Stenoglene bipartita

Scientific classification
- Kingdom: Animalia
- Phylum: Arthropoda
- Clade: Pancrustacea
- Class: Insecta
- Order: Lepidoptera
- Family: Eupterotidae
- Genus: Stenoglene
- Species: S. bipartita
- Binomial name: Stenoglene bipartita (Rothschild, 1917)
- Synonyms: Camarunia bipartita Rothschild, 1917;

= Stenoglene bipartita =

- Authority: (Rothschild, 1917)
- Synonyms: Camarunia bipartita Rothschild, 1917

Species of moth

Stenoglene bipartita is a moth in the family Eupterotidae. It was described by Rothschild in 1917. It is found in Democratic Republic of Congo (Orientale), Niger and Nigeria.
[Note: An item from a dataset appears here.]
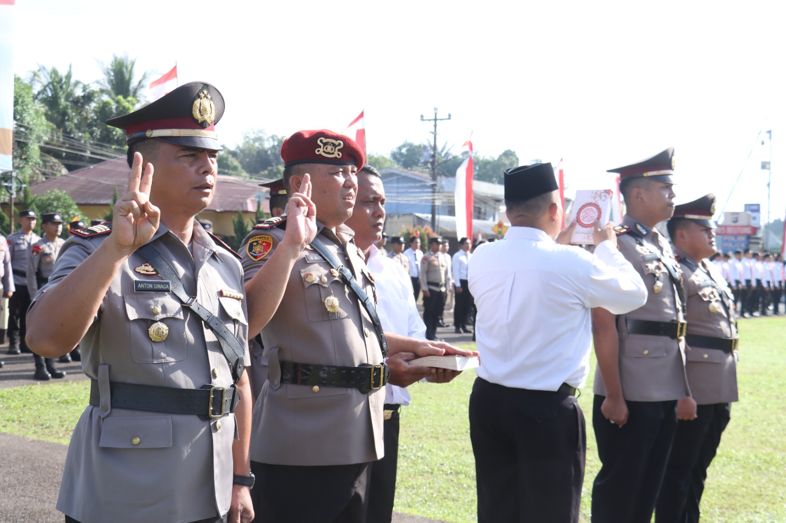 Upacara dipimpin langsung oleh Kapolres Belitung AKBP Sarwo Edi Wibowo, S.I.K. dan diikuti oleh Pejabat Utama (PJU), perwira, para Kapolsek jajaran, personel Polres Belitung, serta ASN Polres Belitung.

The wingspan is about 55 mm. The costal portion of the forewings is olive-chocolate with a shadowy darker stigmatic patch and the dividing line dirty pink. The tornal portion is yellowish grey, washed with olive-brown and with four transverse lines of varying length, the two middle ones crenulate. The hindwings are yellow-grey with two dark-grey transverse bands and there is a wedge-shaped area running almost to the base between the abdominal area and the costal three-fifths of the wing is dirty orange.